How to complete this task: Within the entries below, the lines from the one with "TuffRider Ladies Ribb" through the one with "此外,越来越多企业关注员工健" are to be set down exactly, both ends kept.

═════ Stored data

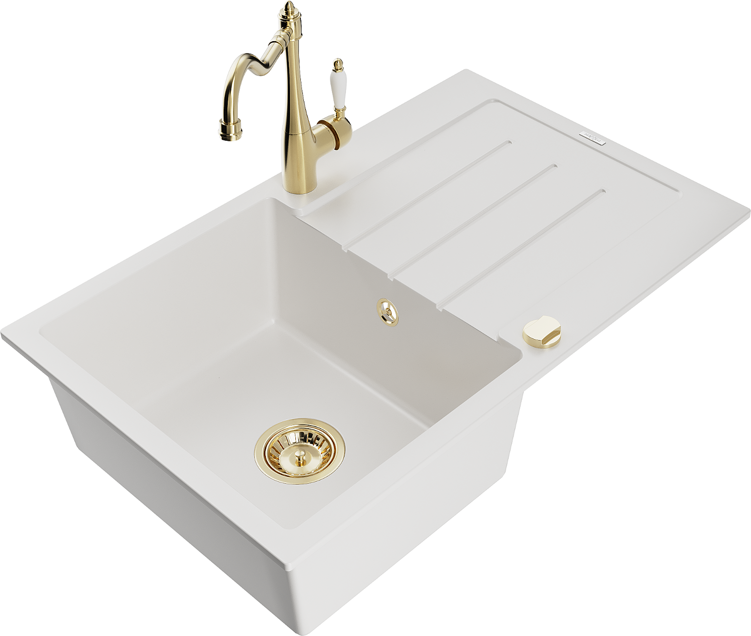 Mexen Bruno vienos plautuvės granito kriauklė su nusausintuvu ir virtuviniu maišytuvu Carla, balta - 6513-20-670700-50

══════════
═════ Stored data

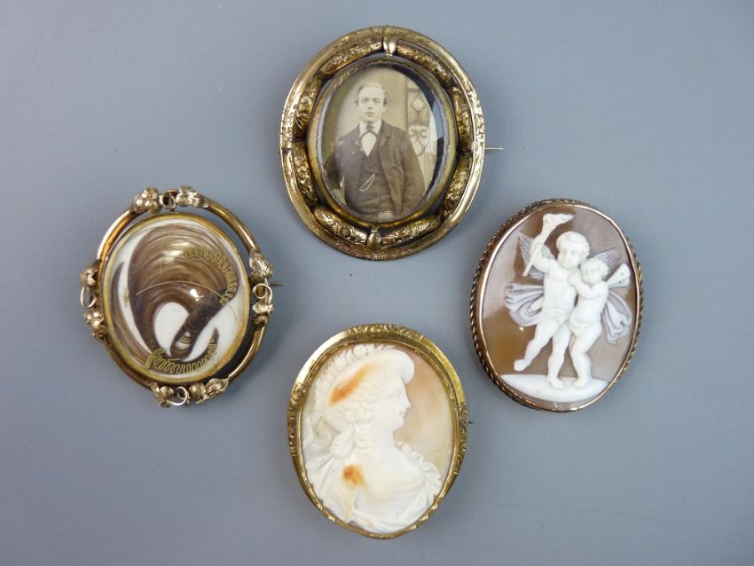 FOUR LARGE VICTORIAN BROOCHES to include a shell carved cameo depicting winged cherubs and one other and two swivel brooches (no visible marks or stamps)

══════════
═════ Stored data

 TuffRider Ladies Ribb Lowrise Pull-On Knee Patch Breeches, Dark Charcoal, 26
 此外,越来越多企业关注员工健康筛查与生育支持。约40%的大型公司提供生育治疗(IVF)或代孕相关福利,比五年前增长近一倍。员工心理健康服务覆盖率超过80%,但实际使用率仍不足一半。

══════════

Written answer:
 TuffRider Ladies Ribb Lowrise Pull-On Knee Patch Breeches, Dark Charcoal, 26
 此外,越来越多企业关注员工健康筛查与生育支持。约40%的大型公司提供生育治疗(IVF)或代孕相关福利,比五年前增长近一倍。员工心理健康服务覆盖率超过80%,但实际使用率仍不足一半。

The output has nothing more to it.